Warning: This article contains spoilers for Star Wars: The Last Jedi

Some things are best left floating in the ether beyond the galaxy far, far away. 

Writer-director and producer pair Rian Johnson and Ram Bergman, who have worked together on films like Looper and The Brothers Bloom, brought a staggering 152 minutes worth of action-packed Star Wars fun to the big screen on Friday with The Last Jedi. That run time alone makes the eighth episode of the Skywalker saga the longest out of the entire film collection, but, as it turns out, it could have been even more drawn-out, as there was plenty of footage left out of the theatrical cut. 

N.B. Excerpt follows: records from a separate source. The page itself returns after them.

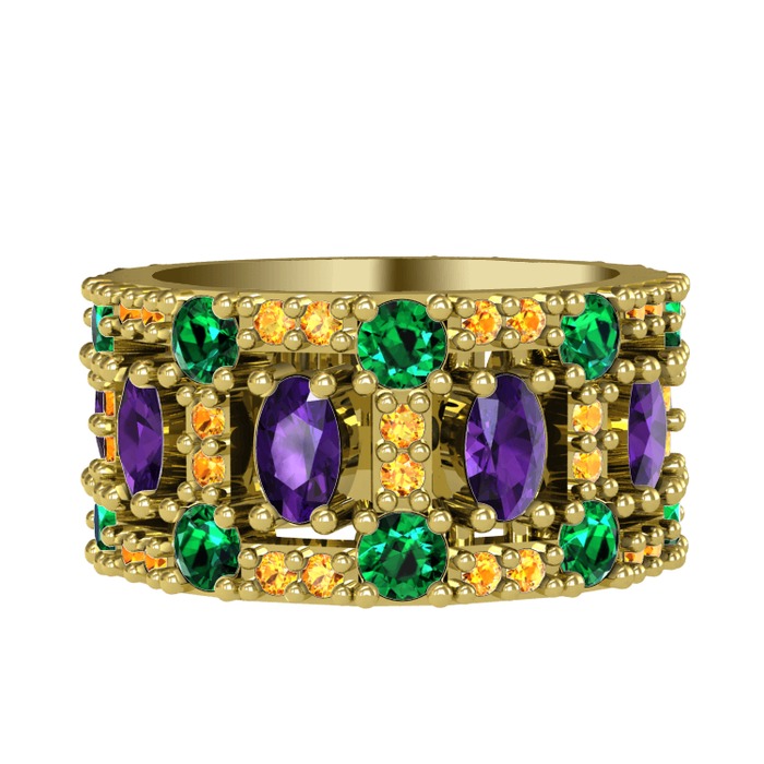 Ametist, yeşil kuvars ve sitrin 925 ayar altın kaplama gümüş yüzük
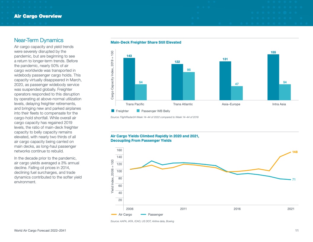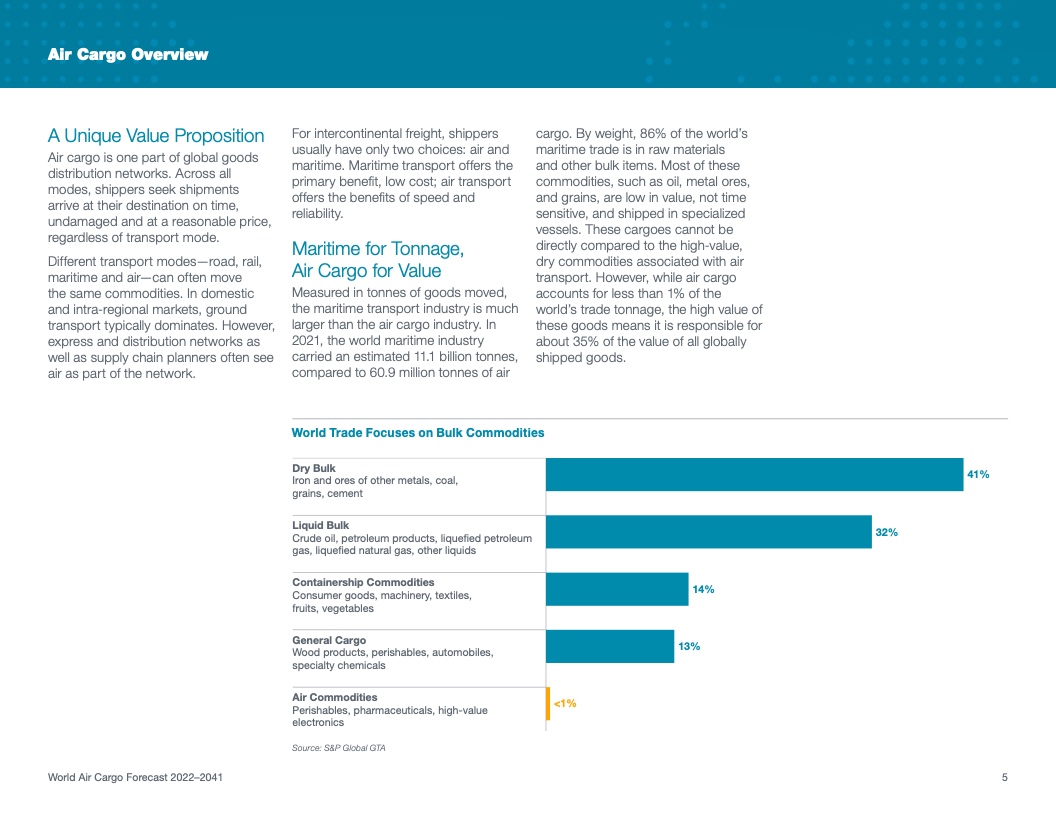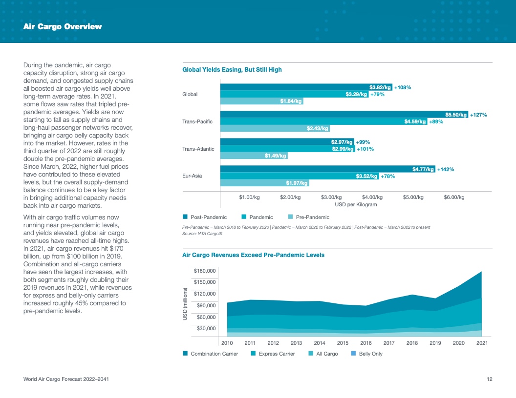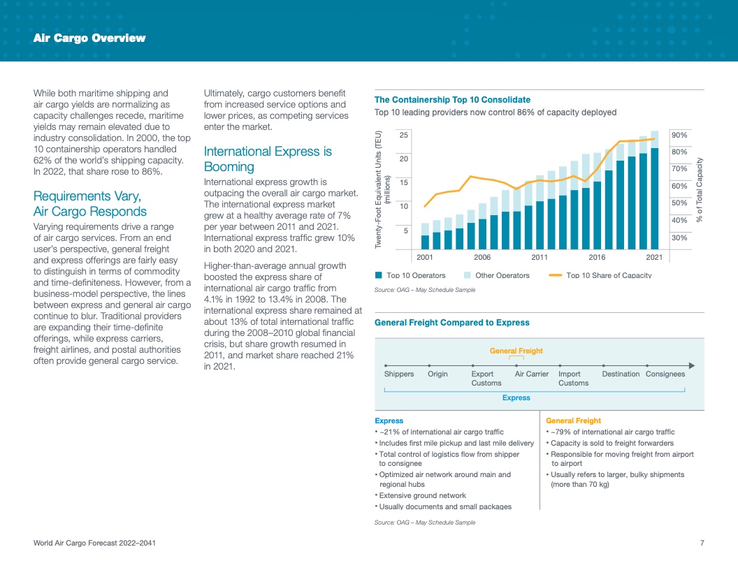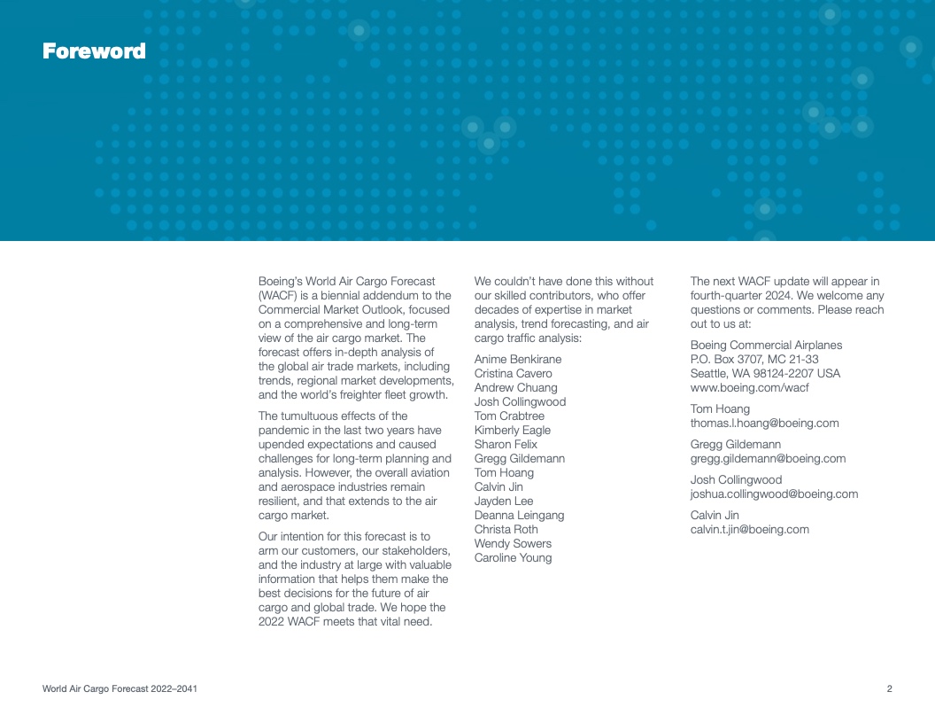 根据该公司最新发布的2022年《世界航空货运预测》(WACF),未来20年航空货运服务需求将保持强劲,全球航空货运量将翻番。
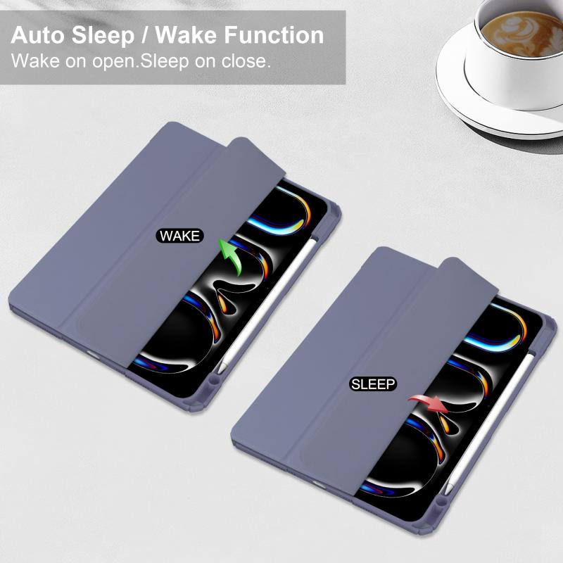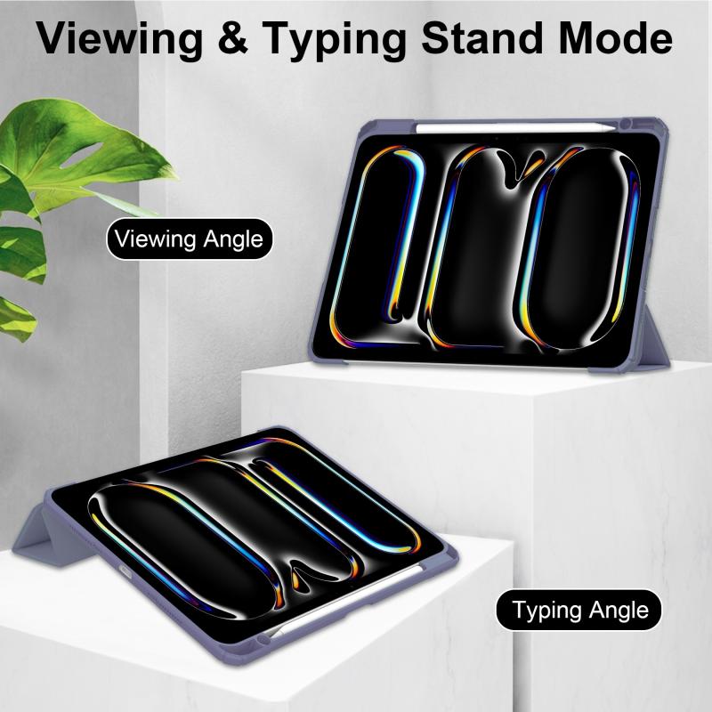 For iPad Pro 11 2024 Pure Color 3-fold Clear TPU Smart Leather Tablet Case(Lavender)
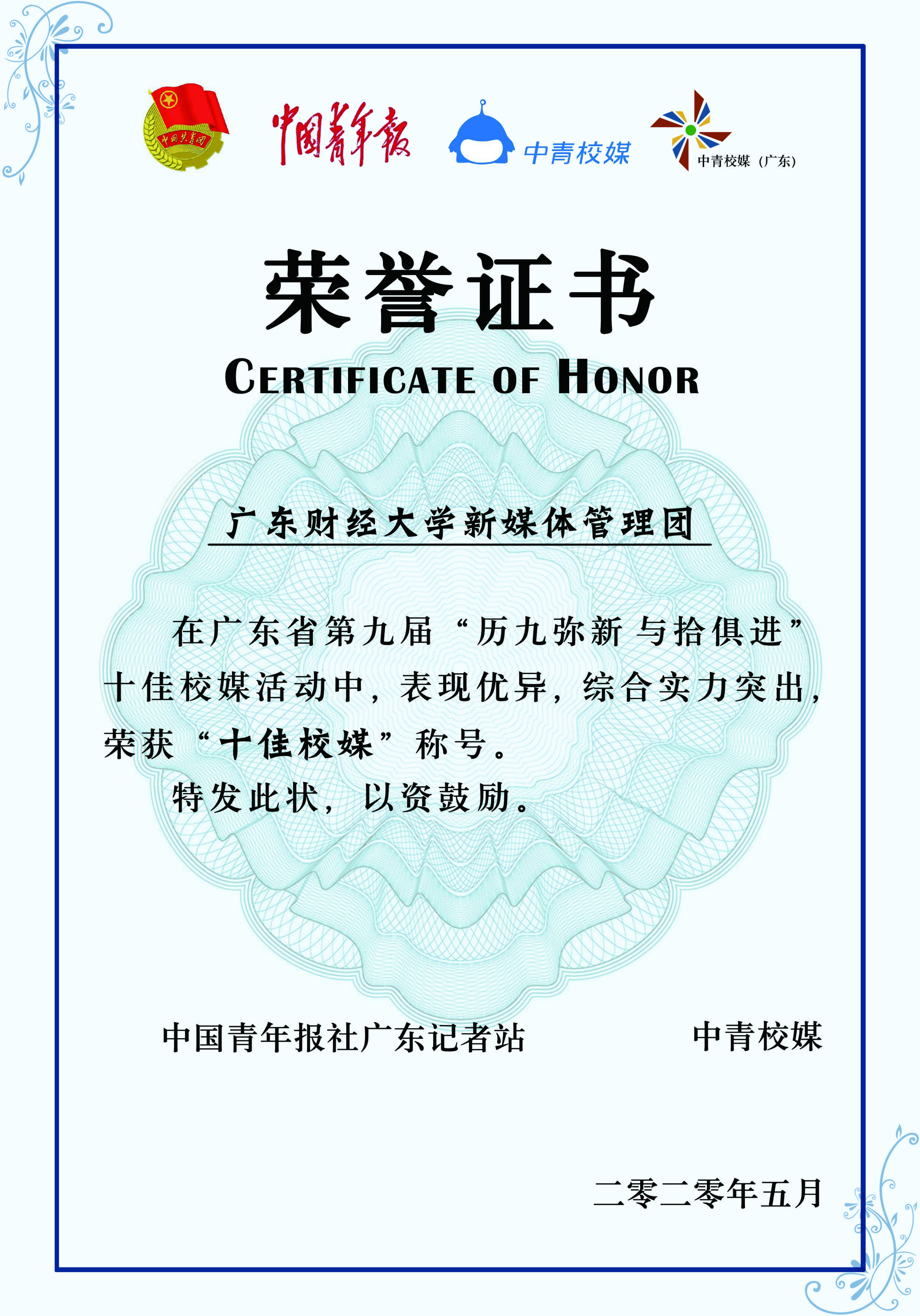 5月17日,校新媒体管理团在中青校媒主办的“历九弥新,与拾俱进”第九届广东省十佳校媒评选活动中荣获“十佳校媒”荣誉,运营官微官博四年多,校新媒体管理团首次获此殊荣。来自学校的另一支媒体团队《人文院报》亦表现突出,荣获最具风尚奖。

Chatting with Deadline, Johnson and Bergman spoke about how much was scrapped, with Johnson noting that the two tore The Last Jedi to bits during editing. 

"There's a lot of movie. Even more in the deleted scenes. There's plenty more," Bergman said. 

Johnson added, "We shot a lot, man. Just like any other film, it came together in the edit. The editing is the completion of the writing process. We were not at all precious about this film. We tore it apart. We ripped stuff out. There's going to be a lot of great deleted scenes." The director then joked that he isn't "trying to sell Blu-rays," but fans can look forward to seeing a ton of cut footage on the physical release of The Last Jedi

And these snipped-away scenes aren't humdrum ones either, like clips of Finn (John Boeyga) walking down hallways or Poe Dameron (Oscar Isaac) strutting about the bridge of the Resistance ship Raddus. As Johnson stated, there are "entire sequences that got lifted out" of The Last Jedi, which, when viewed on their own, are "some of [his] favorite sequences" of the film. The director said that it was "for the good of the whole" that those scenes were cut. 

"We rearranged stuff. We were constantly messing with the intercutting between the plot lines. There are very few of the intercuts that are in there as written in the script," he explained. "We ended up re-engineering a lot of it during the course of editing because that's what the edit is for. All bets are off, and you just have to make the thing work."

Johnson then said one of his favorite parts of penning the script for The Last Jedi was getting to write a slightly surly Luke Skywalker (Mark Hamill), who grew weary of the world around him after his time training his nephew Ben Solo/Kylo Ren (Adam Driver) to become a Jedi went all kinds of wrong. 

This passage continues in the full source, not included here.